## What this task involves:
As the answer, give exactly the lines of the records below from the one with "Diesen Eindruck bestätigen" through the one with "14.0 x 2.5 cm。.", ends included and pictures left out.

## Data supplied:

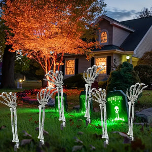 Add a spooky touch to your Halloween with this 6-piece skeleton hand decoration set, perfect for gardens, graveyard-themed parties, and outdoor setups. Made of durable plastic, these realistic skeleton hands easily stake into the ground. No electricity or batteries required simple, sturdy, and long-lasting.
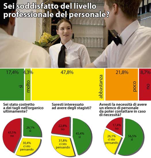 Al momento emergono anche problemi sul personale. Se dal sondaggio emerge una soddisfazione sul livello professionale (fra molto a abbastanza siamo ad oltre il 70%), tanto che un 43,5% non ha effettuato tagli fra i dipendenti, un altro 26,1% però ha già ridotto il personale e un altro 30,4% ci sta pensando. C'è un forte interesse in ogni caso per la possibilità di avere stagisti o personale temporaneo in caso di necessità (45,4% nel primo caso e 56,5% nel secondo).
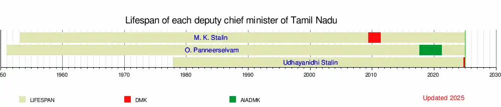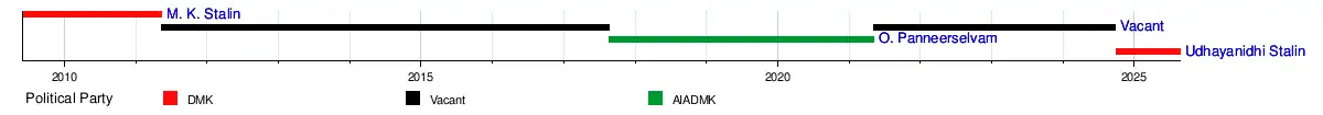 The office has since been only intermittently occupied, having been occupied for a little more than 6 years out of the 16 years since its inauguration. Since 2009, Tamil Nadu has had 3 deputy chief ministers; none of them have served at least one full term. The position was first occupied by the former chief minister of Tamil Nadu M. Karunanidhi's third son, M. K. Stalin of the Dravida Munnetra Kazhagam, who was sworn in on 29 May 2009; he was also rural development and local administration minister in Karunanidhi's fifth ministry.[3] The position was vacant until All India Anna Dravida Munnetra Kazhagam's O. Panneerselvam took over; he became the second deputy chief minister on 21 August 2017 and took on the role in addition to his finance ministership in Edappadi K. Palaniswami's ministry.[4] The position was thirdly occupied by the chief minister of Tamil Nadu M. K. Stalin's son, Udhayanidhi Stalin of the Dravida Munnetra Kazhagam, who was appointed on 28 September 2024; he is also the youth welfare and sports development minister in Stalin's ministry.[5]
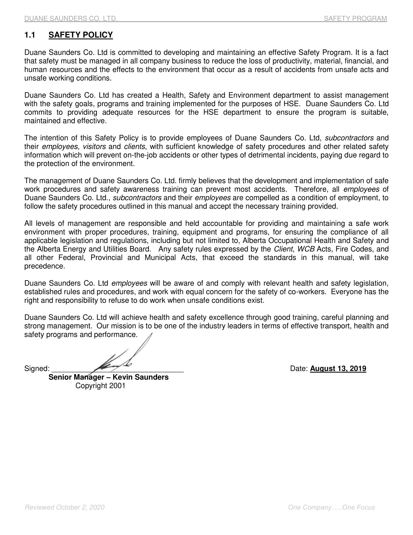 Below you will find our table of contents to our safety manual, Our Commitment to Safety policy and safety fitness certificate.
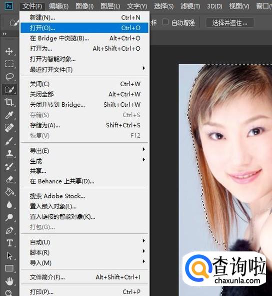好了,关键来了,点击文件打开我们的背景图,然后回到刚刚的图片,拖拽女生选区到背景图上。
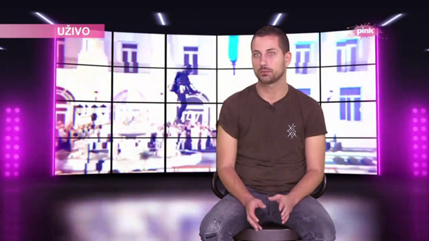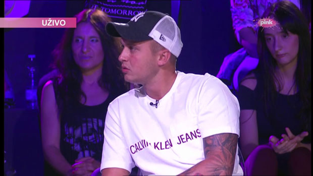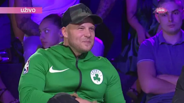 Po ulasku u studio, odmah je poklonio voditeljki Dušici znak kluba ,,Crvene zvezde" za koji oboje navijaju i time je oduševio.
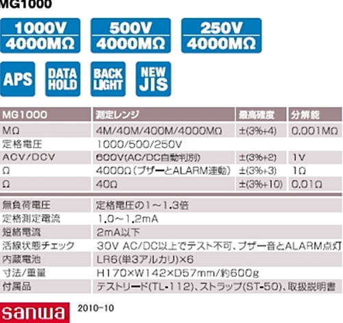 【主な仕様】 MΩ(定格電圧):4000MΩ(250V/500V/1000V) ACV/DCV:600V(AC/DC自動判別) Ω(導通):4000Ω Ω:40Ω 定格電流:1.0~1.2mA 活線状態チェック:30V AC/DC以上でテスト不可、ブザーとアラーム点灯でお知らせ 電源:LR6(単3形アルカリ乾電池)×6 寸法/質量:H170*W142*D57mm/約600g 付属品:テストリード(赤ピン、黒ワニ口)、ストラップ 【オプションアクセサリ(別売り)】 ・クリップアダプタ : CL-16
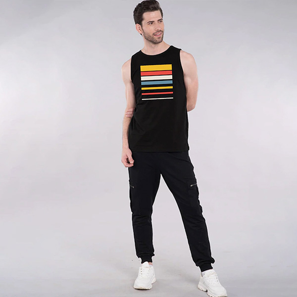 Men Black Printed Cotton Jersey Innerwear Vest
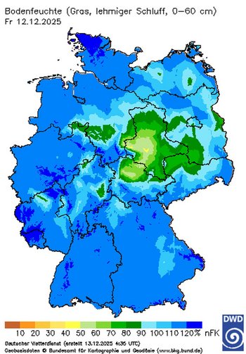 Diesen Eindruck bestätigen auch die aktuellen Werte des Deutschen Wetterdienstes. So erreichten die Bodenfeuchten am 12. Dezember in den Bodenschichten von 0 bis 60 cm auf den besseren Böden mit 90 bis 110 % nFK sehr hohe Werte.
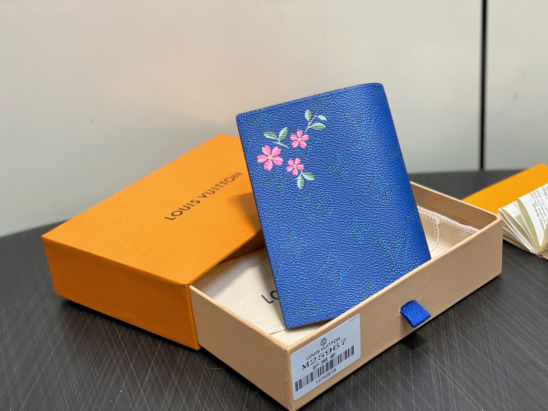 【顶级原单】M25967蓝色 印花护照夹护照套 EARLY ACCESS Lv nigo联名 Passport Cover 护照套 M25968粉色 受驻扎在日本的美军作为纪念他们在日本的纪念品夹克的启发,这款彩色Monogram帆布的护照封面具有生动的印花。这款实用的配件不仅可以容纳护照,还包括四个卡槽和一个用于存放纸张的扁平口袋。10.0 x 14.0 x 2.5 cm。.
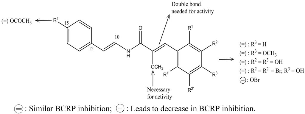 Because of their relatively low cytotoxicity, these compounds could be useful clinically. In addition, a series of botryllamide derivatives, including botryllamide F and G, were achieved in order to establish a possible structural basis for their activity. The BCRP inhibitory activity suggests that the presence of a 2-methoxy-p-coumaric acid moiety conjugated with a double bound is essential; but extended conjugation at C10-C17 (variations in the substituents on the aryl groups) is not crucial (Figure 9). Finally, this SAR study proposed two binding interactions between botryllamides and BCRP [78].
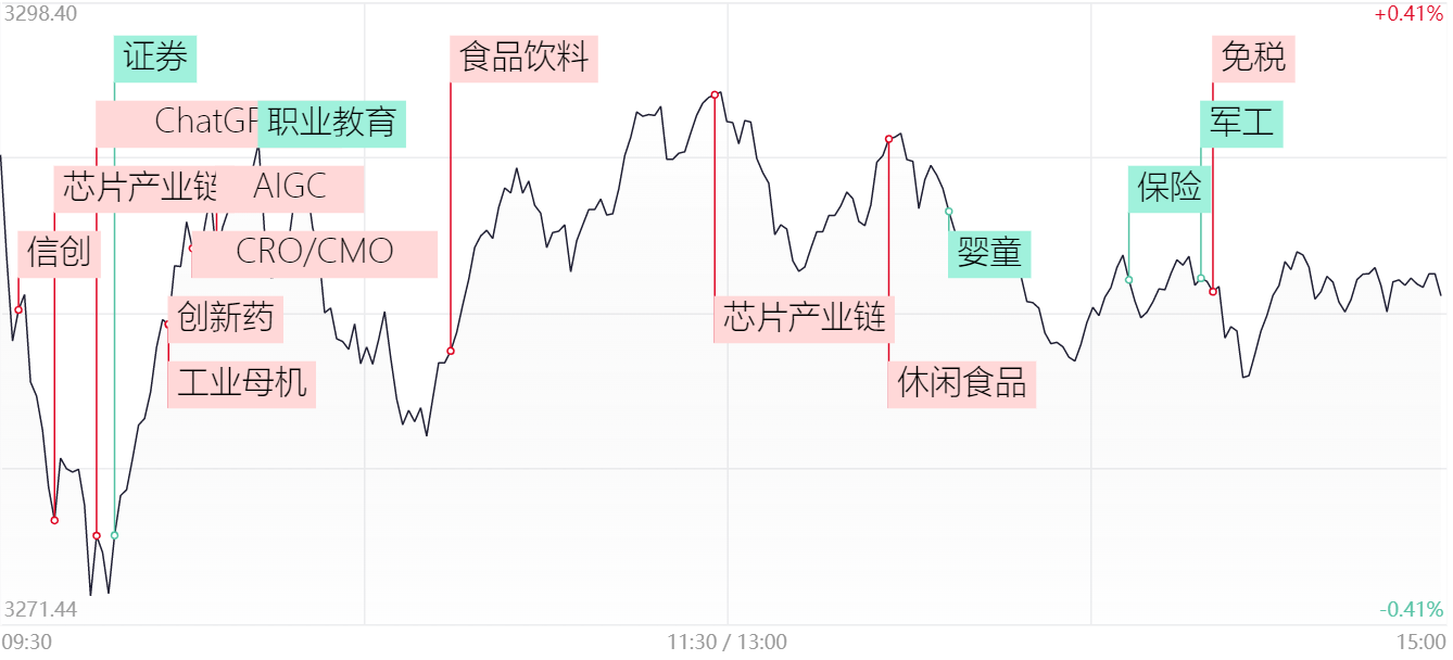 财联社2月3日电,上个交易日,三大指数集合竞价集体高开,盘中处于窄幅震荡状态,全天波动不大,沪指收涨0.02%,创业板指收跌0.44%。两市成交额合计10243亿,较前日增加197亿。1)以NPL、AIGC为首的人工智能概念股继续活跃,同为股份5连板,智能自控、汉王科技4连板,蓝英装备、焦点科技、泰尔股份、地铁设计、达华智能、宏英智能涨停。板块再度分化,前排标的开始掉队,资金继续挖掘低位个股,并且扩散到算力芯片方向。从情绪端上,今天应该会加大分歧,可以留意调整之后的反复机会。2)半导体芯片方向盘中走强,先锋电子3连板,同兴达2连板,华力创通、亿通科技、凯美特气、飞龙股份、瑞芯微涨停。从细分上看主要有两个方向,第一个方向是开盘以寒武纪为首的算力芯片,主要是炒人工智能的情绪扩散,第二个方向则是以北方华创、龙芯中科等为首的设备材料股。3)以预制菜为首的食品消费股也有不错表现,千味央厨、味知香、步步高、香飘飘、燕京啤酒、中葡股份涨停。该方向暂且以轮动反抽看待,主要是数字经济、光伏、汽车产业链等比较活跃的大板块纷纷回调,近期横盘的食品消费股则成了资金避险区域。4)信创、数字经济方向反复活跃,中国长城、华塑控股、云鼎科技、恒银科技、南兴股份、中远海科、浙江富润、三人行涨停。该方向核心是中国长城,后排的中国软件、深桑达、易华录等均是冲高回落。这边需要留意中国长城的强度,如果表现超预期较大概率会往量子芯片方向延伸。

## Solution below:
 Diesen Eindruck bestätigen auch die aktuellen Werte des Deutschen Wetterdienstes. So erreichten die Bodenfeuchten am 12. Dezember in den Bodenschichten von 0 bis 60 cm auf den besseren Böden mit 90 bis 110 % nFK sehr hohe Werte.
 【顶级原单】M25967蓝色 印花护照夹护照套 EARLY ACCESS Lv nigo联名 Passport Cover 护照套 M25968粉色 受驻扎在日本的美军作为纪念他们在日本的纪念品夹克的启发,这款彩色Monogram帆布的护照封面具有生动的印花。这款实用的配件不仅可以容纳护照,还包括四个卡槽和一个用于存放纸张的扁平口袋。10.0 x 14.0 x 2.5 cm。.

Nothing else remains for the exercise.